━━━━━ THE INPUT ━━━━━
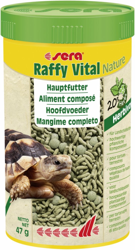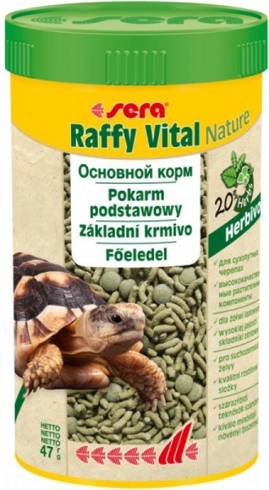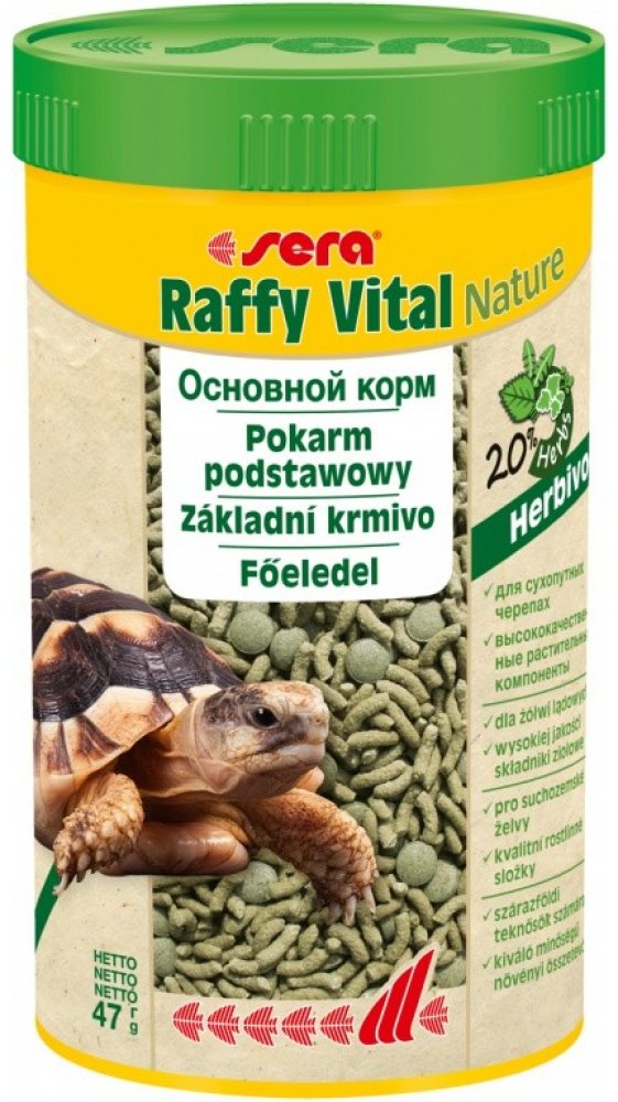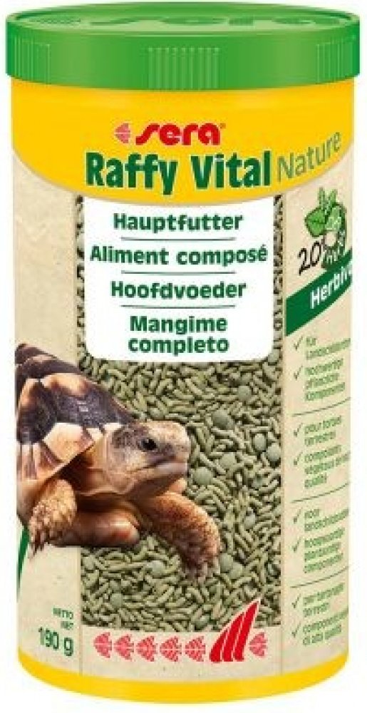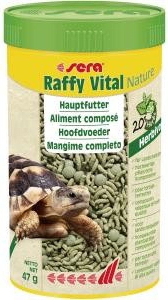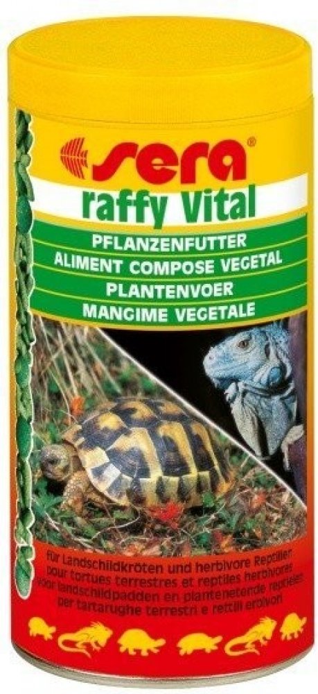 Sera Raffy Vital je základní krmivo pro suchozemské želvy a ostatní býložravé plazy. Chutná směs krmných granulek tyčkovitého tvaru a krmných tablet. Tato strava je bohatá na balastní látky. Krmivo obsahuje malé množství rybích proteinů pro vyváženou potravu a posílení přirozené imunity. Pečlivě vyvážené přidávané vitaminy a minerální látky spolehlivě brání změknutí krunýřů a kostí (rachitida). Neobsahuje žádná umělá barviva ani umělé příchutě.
━━━━━
━━━━━ THE INPUT ━━━━━
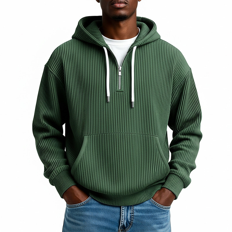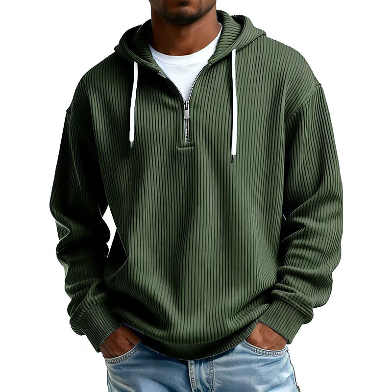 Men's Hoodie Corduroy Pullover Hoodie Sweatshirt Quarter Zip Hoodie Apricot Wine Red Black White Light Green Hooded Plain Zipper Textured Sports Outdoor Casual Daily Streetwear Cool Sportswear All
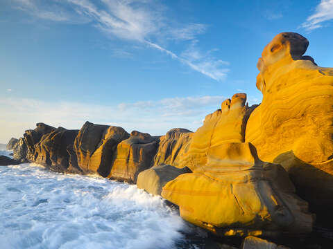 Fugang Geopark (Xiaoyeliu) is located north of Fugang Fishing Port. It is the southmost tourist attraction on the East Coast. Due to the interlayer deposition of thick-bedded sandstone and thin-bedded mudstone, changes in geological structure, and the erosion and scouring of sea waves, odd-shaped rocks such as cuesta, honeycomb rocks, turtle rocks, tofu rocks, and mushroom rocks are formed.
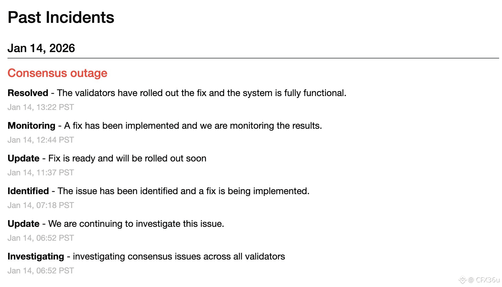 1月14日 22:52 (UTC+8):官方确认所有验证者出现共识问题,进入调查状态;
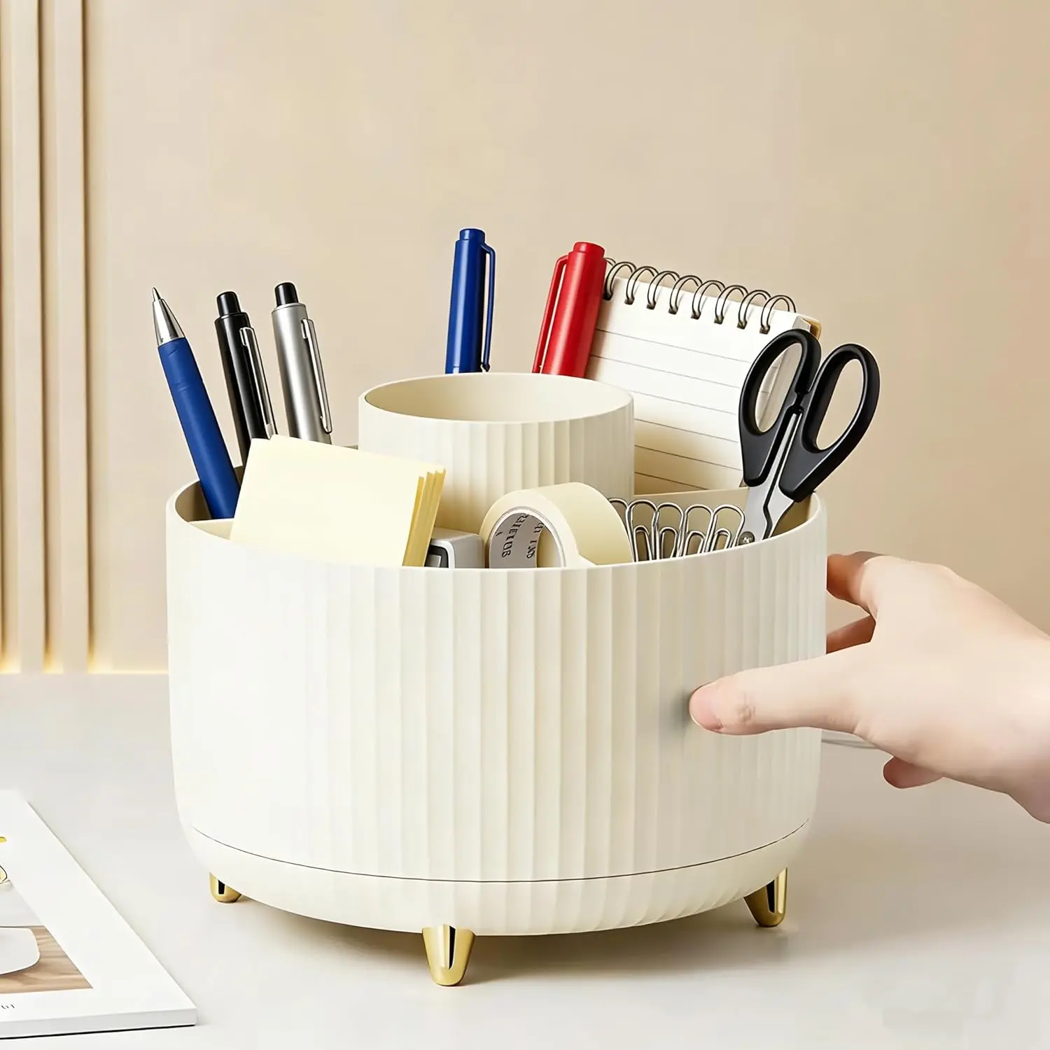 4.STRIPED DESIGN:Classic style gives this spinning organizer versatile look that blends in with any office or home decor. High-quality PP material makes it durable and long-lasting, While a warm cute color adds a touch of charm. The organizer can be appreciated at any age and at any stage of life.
━━━━━
◆ REQUIRED ACTION
With the pictures left out, write out exactly the lines above from the one containing "Men's Hoodie Corduroy" through the one containing "1月14日 22:52 (UTC+8):官方确认所有验证者出现共识问题,进入调查状态;".

◆ OUTPUT FOR THIS EXERCISE
 Men's Hoodie Corduroy Pullover Hoodie Sweatshirt Quarter Zip Hoodie Apricot Wine Red Black White Light Green Hooded Plain Zipper Textured Sports Outdoor Casual Daily Streetwear Cool Sportswear All
 Fugang Geopark (Xiaoyeliu) is located north of Fugang Fishing Port. It is the southmost tourist attraction on the East Coast. Due to the interlayer deposition of thick-bedded sandstone and thin-bedded mudstone, changes in geological structure, and the erosion and scouring of sea waves, odd-shaped rocks such as cuesta, honeycomb rocks, turtle rocks, tofu rocks, and mushroom rocks are formed.
 1月14日 22:52 (UTC+8):官方确认所有验证者出现共识问题,进入调查状态;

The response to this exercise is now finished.